Data section START

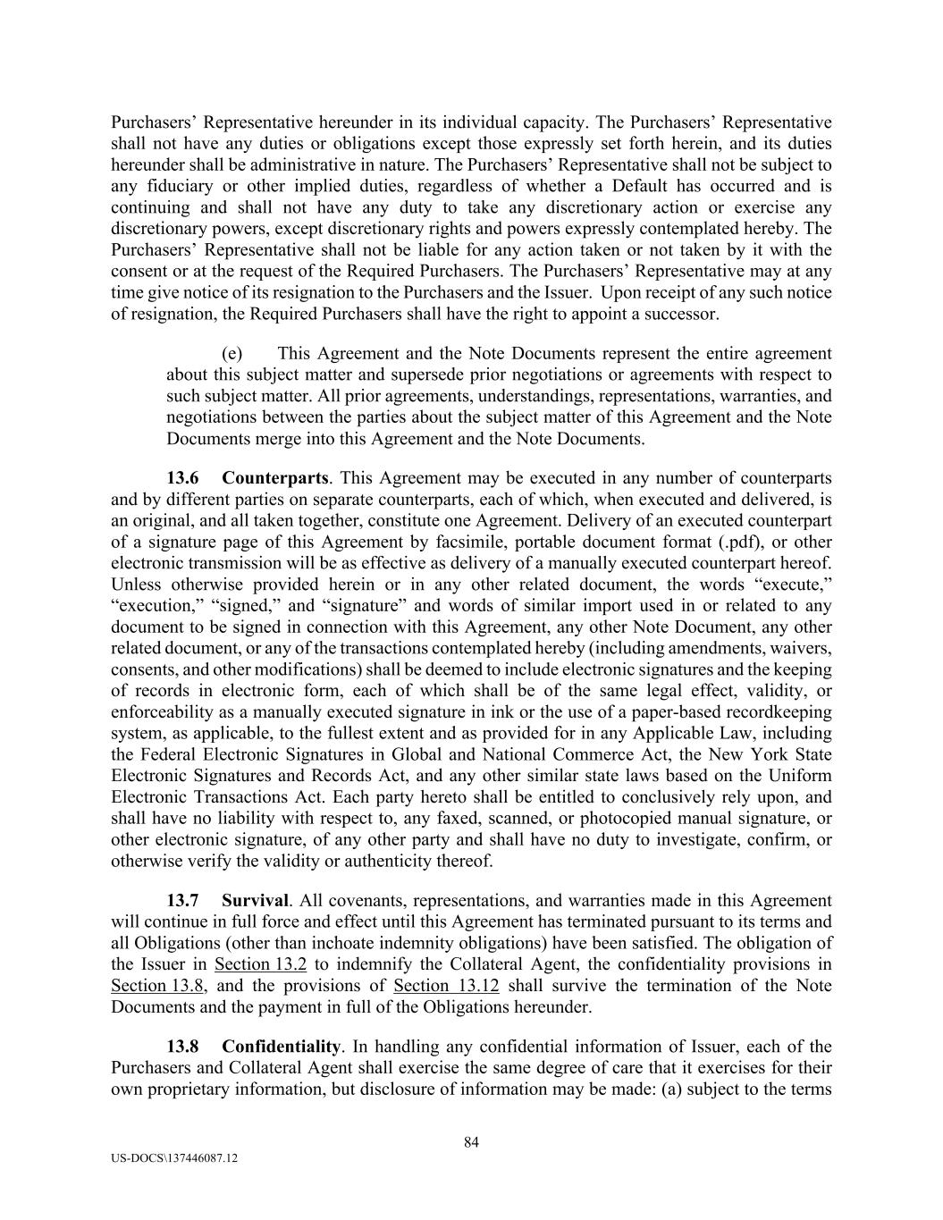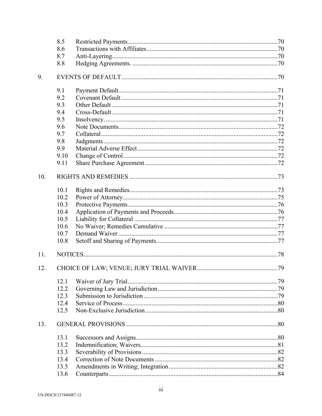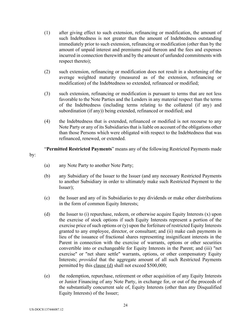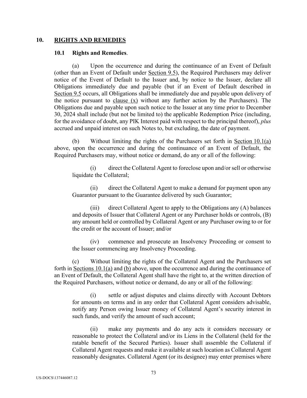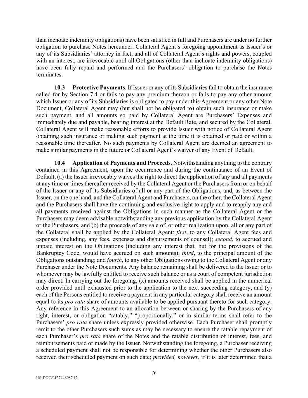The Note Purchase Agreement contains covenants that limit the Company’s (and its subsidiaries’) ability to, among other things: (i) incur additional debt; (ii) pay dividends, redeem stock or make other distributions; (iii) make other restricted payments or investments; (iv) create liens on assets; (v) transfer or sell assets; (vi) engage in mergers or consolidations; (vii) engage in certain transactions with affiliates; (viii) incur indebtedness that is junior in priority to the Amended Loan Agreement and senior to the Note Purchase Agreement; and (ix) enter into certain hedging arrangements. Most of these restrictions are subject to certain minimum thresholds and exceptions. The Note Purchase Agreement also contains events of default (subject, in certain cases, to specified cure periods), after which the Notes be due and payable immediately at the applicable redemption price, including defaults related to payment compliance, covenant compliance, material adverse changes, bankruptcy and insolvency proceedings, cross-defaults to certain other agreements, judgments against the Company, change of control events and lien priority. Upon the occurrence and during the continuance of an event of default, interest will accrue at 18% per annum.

Data section END
Data section START

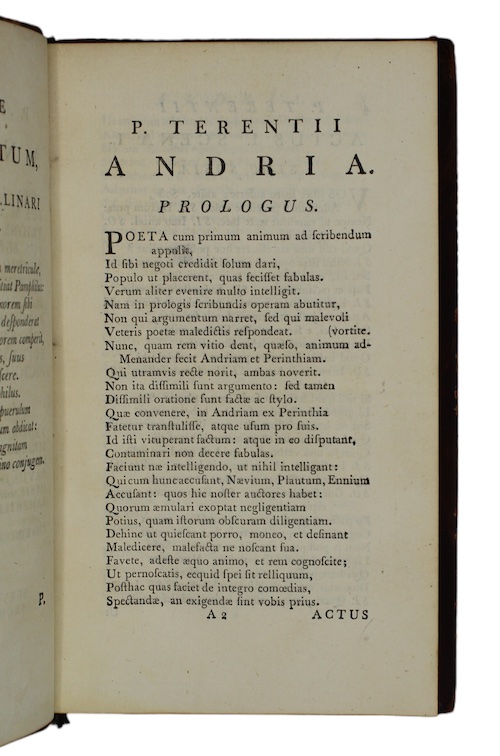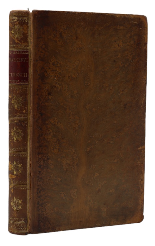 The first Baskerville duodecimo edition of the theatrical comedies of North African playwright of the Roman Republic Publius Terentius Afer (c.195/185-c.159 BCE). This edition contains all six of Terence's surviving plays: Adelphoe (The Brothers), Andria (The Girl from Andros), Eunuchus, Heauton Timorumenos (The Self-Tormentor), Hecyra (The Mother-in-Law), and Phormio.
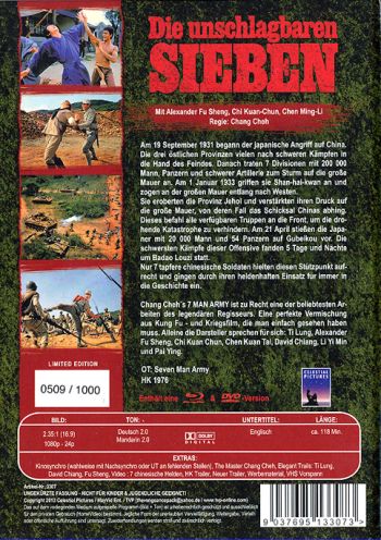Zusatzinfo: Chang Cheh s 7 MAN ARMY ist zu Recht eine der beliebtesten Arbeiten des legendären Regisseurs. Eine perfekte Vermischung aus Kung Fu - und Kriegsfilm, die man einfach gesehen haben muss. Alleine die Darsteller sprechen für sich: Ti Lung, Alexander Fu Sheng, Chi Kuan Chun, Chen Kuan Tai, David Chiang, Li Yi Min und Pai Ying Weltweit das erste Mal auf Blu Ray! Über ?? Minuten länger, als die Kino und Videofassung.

Data section END

Repeat the lines above exactly, beginning with the one containing "The first Baskerville" and finishing with the one containing "Zusatzinfo: Chang Cheh". No pictures belong in the copy.

 The first Baskerville duodecimo edition of the theatrical comedies of North African playwright of the Roman Republic Publius Terentius Afer (c.195/185-c.159 BCE). This edition contains all six of Terence's surviving plays: Adelphoe (The Brothers), Andria (The Girl from Andros), Eunuchus, Heauton Timorumenos (The Self-Tormentor), Hecyra (The Mother-in-Law), and Phormio.
Zusatzinfo: Chang Cheh s 7 MAN ARMY ist zu Recht eine der beliebtesten Arbeiten des legendären Regisseurs. Eine perfekte Vermischung aus Kung Fu - und Kriegsfilm, die man einfach gesehen haben muss. Alleine die Darsteller sprechen für sich: Ti Lung, Alexander Fu Sheng, Chi Kuan Chun, Chen Kuan Tai, David Chiang, Li Yi Min und Pai Ying Weltweit das erste Mal auf Blu Ray! Über ?? Minuten länger, als die Kino und Videofassung.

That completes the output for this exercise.